National Soybean Research Library
Thought I'd look into soy as a natural 'remedy' for menopausal symptoms. The jury seems to be out on this one. A study out of the Department of Gynecology at the Federal University of Sao Paulo, in Brazil, found that it may be efficacious in easing menopausal symptoms. The US Department of Health and Human Services Office on Women's Health says there's no clear proof. But if you search PubMed, you also find an analysis of studies on the use of soy in treating perimenopausal symptoms conducted by the Department of Complimentary Medicine, Penninsula Medical School, Universities of Exeter and Plymouth in the UK, that pretty much says that it's up in the air, but there may be benefit to taking soy.  I wonder if it's worth adding more tofu to my diet. I hate tofu. Luckily, this does come in pill form.

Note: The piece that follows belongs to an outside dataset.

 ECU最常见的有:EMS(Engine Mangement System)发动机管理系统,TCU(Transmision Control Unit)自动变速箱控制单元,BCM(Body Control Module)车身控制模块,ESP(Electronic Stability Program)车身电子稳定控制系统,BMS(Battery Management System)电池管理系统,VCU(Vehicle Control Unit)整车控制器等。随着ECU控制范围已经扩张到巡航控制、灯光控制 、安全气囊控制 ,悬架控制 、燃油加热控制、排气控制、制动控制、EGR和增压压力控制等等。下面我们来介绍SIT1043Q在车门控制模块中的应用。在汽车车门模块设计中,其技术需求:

I think part of what I'm wrestling with when it comes to the wedding is the word 'Bride'. I know it sounds weird, but to me, 'Bride' connotes youth, purity, sweetness, and light. At almost 50 (I'll turn 50 later in the year we get married) youth certainly does not apply, regardless of the fact that there's a Chinese saying that humans do not reach adulthood until the age of 50. Purity, well, that's not a word I would apply to myself at this point. Sweetness completely depends on the moment and who I am talking to. And as for light ... there are moments of light, but I'm living in the hour of the wolf right now ... maybe I won't be by the time the wedding comes. Of course, these are my expectations, my ... what's the word I want? ... prejudices? ... connotations? ... when it comes to the word 'Bride'.

I found some photos, old, old, photos, the other day.  They're of a couple that I used to bowl with when I belonged to a league.  They were in their sixties maybe?  It was their wedding day, back around 1991. She definitely looks like a bride, wearing golden-ivory satin, with a peplum on the jacket and a mid-calf skirt.  Her hair is up and she has a tiny veil, almost a fascinator, at the back of her updo.  She looks radiant.  She looks like a bride.

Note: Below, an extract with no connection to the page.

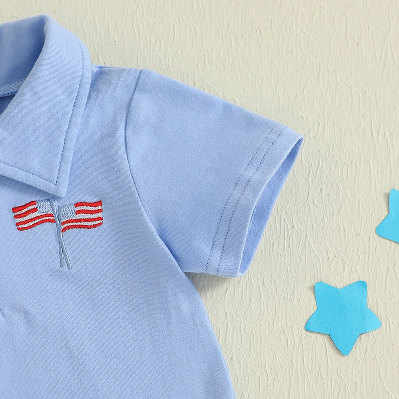 Conjunto patriótico para niño, camisa de rayas y estrellas rojas, blancas y azules, pantalones cortos de cintura elástica, conjunto del 4 de julio para verano

My own mother remarried at age 66.  She wore a gorgeous, periwinkle blue suit, with a lovely multi-coloured blouse.  She carried a bunch of daffodils, her favourite flower, fresh picked from the garden. She looked radiant, and very much like a bride.

Both of these women wore something that made them feel good, made them be the beautiful brides-of-a-certain-age they were. That's what it comes down to, isn't it. It doesn't matter what anyone else wants or expects, you should feel good and special in whatever you wear as a bride.

They will be my example in this.  Mum, in particular, is often my example. Women of wisdom. I'm getting there ... some day.